A form of private debt financing, they are more popular in the US and prevalent in the institutional market, but retail investors are able to invest in them as well.
• What are senior secured loans?
Senior secured loans are loans made to companies that are generally rated below investment grade (BB or below) by credit rating agencies.
Senior secured loans make up the first tier of a borrower’s capital structure. They are typically secured by the operating assets of the borrowing company and rank first in priority of payment in the capital structure, ahead of junior loans and unsecured debt such as high-yield bonds. The leveraged loan market traces its origins to the securitisation market of the 1980s. Through much of the 1980s and 1990s large banks tended to retain on their balance sheets large proportions of the loans they made and syndicate only a small amount to other institutional investors.

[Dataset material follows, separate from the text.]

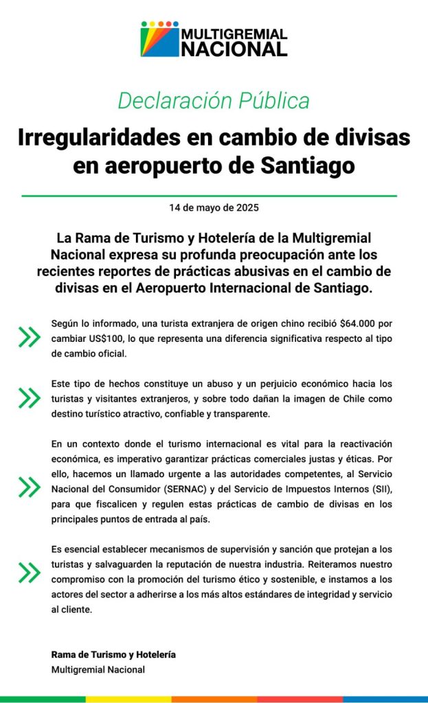 Declaración Pública: irregularidades en cambio de divisas en el aeropuerto de Santiago

In the late 1990s banks began syndicating loans more broadly to institutional investors attracted by the loans’ floating rate income and lower credit volatility. In the following decade the market expanded, became more liquid and began to function more like its high-yield bond counterpart. The investor base expanded beyond commercial banks and today more than half of the leveraged loans in issue are held by a broad range of institutional investors including insurance companies, mutual funds, pension funds and hedge funds.
• How are they different from other debt investments?

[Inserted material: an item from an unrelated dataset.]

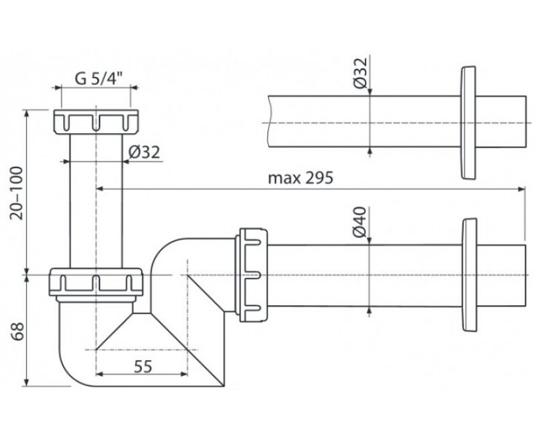 Сифон для раковины и биде AlcaPlast Ø32 мм полипропилен A45F-DN32

Generally speaking with a bond both the interest coupon and the principal at maturity (that is the capital that investors get back) are fixed.
For a senior secured loan, the principal payment is fixed but the interest coupon fluctuates based on changes in short-term interest rates, usually three-month Libor. When interest rates go up the current income received from a senior secured loan goes up and, generally speaking, the value of the principal tends to remain constant in the absence of deteriorating credit fundamentals.
Senior loans offer little duration risk because of their floating-rate structure which means they are less exposed to the trajectory of interest rates in general. The floating-rate coupons can benefit investors in a rising rate environment and can help to mitigate inflation risk.
• What are they good for?
The first thing to note about senior secured loans is that as non-investment grade investments they tend to offer attractive headline yields to investors.
However, as noted before, in addition to offering high headline yields, senior loans also offer an element of protection against rising interest rates, meaning they are less vulnerable than many other assets to a wind-down in quantitative easing programmes and rises in interest rates.
• How can investors access them?
Senior secured loans are better known among US investors than in the UK. This is probably because senior loans are not permitted investments under the European directives on Ucits which applies to open-ended investment companies and some societe d’investissement a capital variables.